### AVAILABLE RECORDS
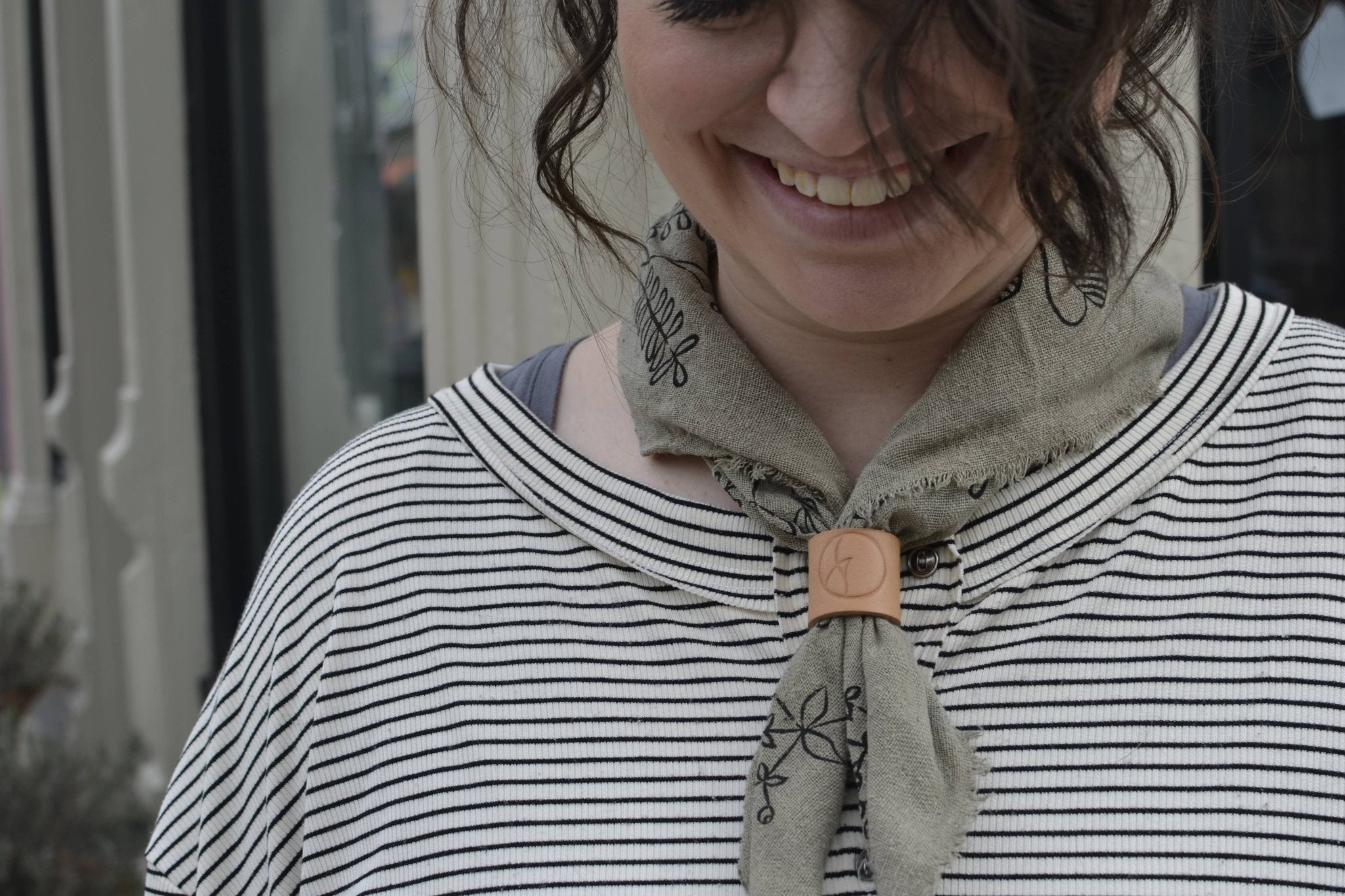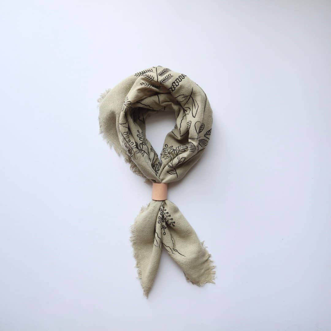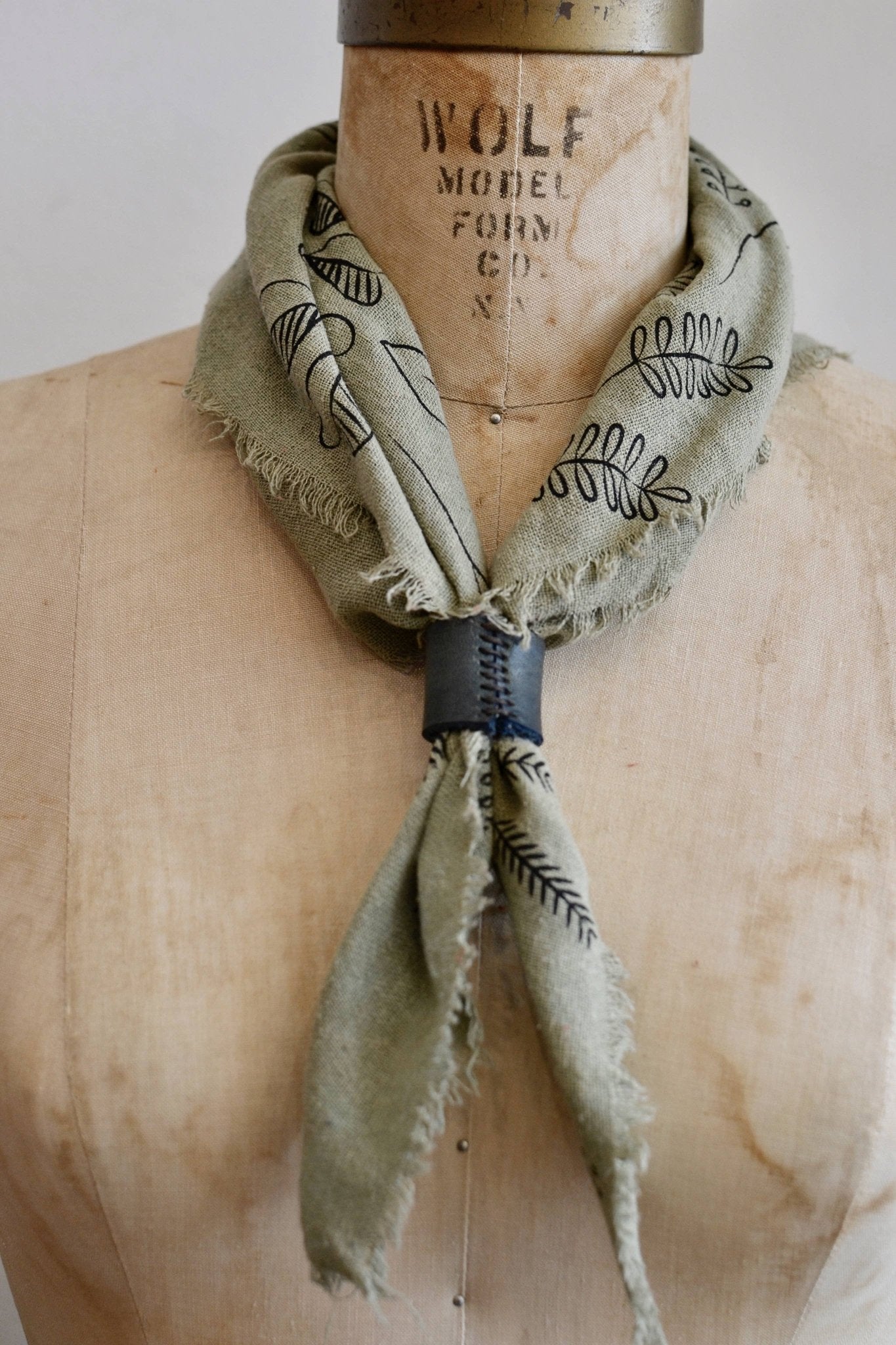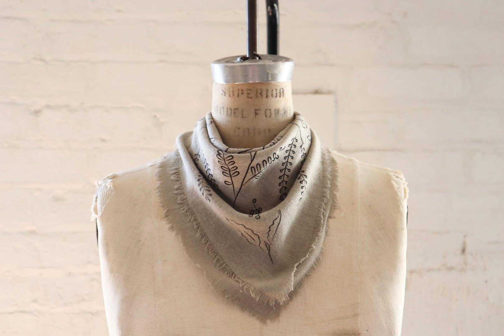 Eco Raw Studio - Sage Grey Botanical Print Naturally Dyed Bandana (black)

...

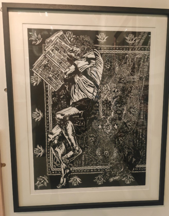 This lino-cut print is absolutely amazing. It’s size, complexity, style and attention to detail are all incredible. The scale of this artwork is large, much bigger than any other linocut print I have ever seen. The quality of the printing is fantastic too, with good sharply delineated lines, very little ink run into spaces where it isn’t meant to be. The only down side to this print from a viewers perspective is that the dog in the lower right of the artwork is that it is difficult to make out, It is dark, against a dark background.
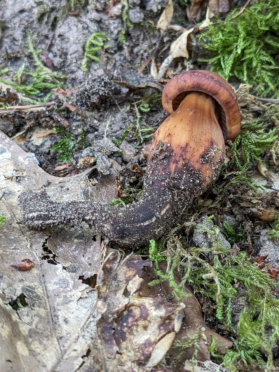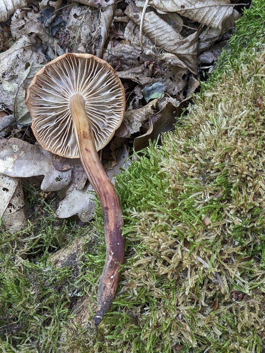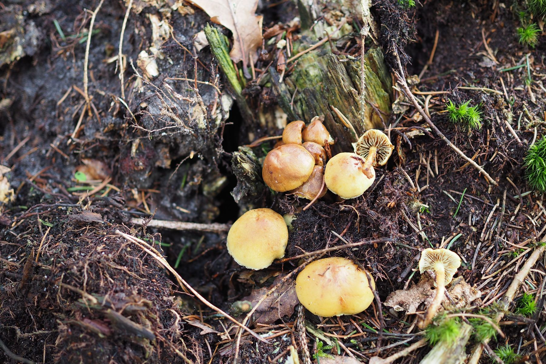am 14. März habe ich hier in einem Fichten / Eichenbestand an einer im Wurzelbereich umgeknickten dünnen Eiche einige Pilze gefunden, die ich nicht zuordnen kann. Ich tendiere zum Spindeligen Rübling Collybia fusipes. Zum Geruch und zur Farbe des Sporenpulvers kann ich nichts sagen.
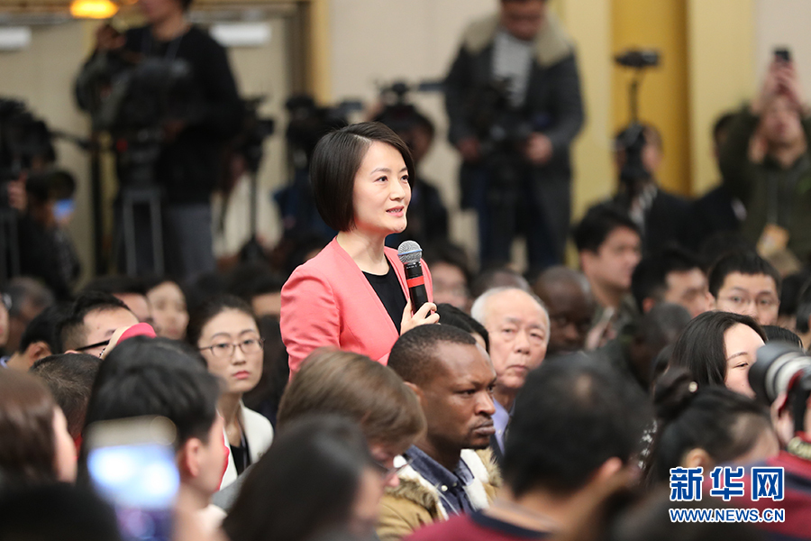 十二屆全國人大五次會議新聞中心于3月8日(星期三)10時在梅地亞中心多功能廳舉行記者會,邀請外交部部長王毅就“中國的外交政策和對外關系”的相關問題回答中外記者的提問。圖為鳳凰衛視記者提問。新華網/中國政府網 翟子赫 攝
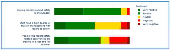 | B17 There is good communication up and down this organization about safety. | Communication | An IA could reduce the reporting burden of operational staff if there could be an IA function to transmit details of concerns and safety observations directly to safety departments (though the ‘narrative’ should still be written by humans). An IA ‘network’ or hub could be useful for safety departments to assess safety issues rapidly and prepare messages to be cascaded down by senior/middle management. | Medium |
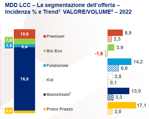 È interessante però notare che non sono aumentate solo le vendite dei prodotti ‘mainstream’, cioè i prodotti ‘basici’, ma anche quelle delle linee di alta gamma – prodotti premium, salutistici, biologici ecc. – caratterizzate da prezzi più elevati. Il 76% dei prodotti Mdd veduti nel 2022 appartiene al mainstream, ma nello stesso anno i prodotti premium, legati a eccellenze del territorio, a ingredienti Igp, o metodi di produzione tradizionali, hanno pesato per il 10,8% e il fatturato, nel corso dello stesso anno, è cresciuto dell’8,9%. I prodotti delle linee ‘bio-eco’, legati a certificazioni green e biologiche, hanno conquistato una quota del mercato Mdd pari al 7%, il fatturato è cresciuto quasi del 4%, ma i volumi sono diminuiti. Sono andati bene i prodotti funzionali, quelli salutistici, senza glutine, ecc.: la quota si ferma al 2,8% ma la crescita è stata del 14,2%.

### EXERCISE
Each line from the one that contains "This lino-cut print" down to the one that contains "È interessante però" is to be returned exactly as it stands above, both ends included, with pictures removed.

### SOLUTION TO THE EXERCISE
 This lino-cut print is absolutely amazing. It’s size, complexity, style and attention to detail are all incredible. The scale of this artwork is large, much bigger than any other linocut print I have ever seen. The quality of the printing is fantastic too, with good sharply delineated lines, very little ink run into spaces where it isn’t meant to be. The only down side to this print from a viewers perspective is that the dog in the lower right of the artwork is that it is difficult to make out, It is dark, against a dark background.
am 14. März habe ich hier in einem Fichten / Eichenbestand an einer im Wurzelbereich umgeknickten dünnen Eiche einige Pilze gefunden, die ich nicht zuordnen kann. Ich tendiere zum Spindeligen Rübling Collybia fusipes. Zum Geruch und zur Farbe des Sporenpulvers kann ich nichts sagen.
 十二屆全國人大五次會議新聞中心于3月8日(星期三)10時在梅地亞中心多功能廳舉行記者會,邀請外交部部長王毅就“中國的外交政策和對外關系”的相關問題回答中外記者的提問。圖為鳳凰衛視記者提問。新華網/中國政府網 翟子赫 攝
 | B17 There is good communication up and down this organization about safety. | Communication | An IA could reduce the reporting burden of operational staff if there could be an IA function to transmit details of concerns and safety observations directly to safety departments (though the ‘narrative’ should still be written by humans). An IA ‘network’ or hub could be useful for safety departments to assess safety issues rapidly and prepare messages to be cascaded down by senior/middle management. | Medium |
 È interessante però notare che non sono aumentate solo le vendite dei prodotti ‘mainstream’, cioè i prodotti ‘basici’, ma anche quelle delle linee di alta gamma – prodotti premium, salutistici, biologici ecc. – caratterizzate da prezzi più elevati. Il 76% dei prodotti Mdd veduti nel 2022 appartiene al mainstream, ma nello stesso anno i prodotti premium, legati a eccellenze del territorio, a ingredienti Igp, o metodi di produzione tradizionali, hanno pesato per il 10,8% e il fatturato, nel corso dello stesso anno, è cresciuto dell’8,9%. I prodotti delle linee ‘bio-eco’, legati a certificazioni green e biologiche, hanno conquistato una quota del mercato Mdd pari al 7%, il fatturato è cresciuto quasi del 4%, ma i volumi sono diminuiti. Sono andati bene i prodotti funzionali, quelli salutistici, senza glutine, ecc.: la quota si ferma al 2,8% ma la crescita è stata del 14,2%.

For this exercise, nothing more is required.